Im down because my order was Williams, Paul, and Bogut but I still think we can get a really key player in this draft. I dont think the possibility of getting Chris Paul is totally dead because I dont see Portland taking a PG because they have Telfair. I also dont see our dream of Marvin Williams as being dead because Atlanta has ten million swingmen. Personally I dont know how you pass on Marvin Williams if your at #2 but you never really know. 

Milwaukee is in need of a big so I think they take Bogut
Atlanta is in need of a PG so I think they take Paul
Portland is where Im nervous, they could take Marvin Williams here or Gerald Green because they need a SG role filled.

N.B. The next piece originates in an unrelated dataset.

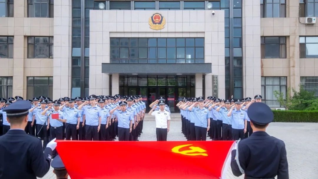 仪式最后,全体民警、辅警面向党旗重温入党誓词。誓词声高亢嘹亮,久久回荡,宣示广大党员民警、辅警筑牢政治忠诚、永葆奋斗本色和捍卫政治安全、维护社会安定、保障人民安宁的坚定决心。

I still think we will turn out OK. I just dont want Marvin Williams in Milwaukee. I want him to be in Atlanta if not New Orleans.


----------



## DHarris34Phan (Oct 28, 2004)

*I think you guys will pick Gerald Green if he is available @ 4*


----------



## supermati (Mar 28, 2005)

jalen5 said:


> Of course, it had to happen. The Hornets had bad luck in the NBA Draft Lottery and will pick 4th in the draft


This bad luck stuff always happen to us       
I dont want another year like this, i want marvin....
Im preety frustrated


----------



## Pistolballer (May 9, 2003)

Jsimo12 said:


> Im down because my order was Williams, Paul, and Bogut but I still think we can get a really key player in this draft. I dont think the possibility of getting Chris Paul is totally dead because I dont see Portland taking a PG because they have Telfair. *I also dont see our dream of Marvin Williams as being dead because Atlanta has ten million swingmen.* Personally I dont know how you pass on Marvin Williams if your at #2 but you never really know...


lol, 10,000,000?


----------



## Geaux Tigers (Apr 26, 2004)

Pistolballer said:


> lol, 10,000,000?


Thats ballparkin it...:biggrin:


----------



## Rhubarb (Mar 19, 2005)

I can see alot of teams trading up and down the draft order to avoid reaching.

Charlotte, for example, may look at trading up the order if Bickerstaff is really serious about snaring either one of Marvin or Paul. These sorts of moves could shake up the prospect order enough to land a better player.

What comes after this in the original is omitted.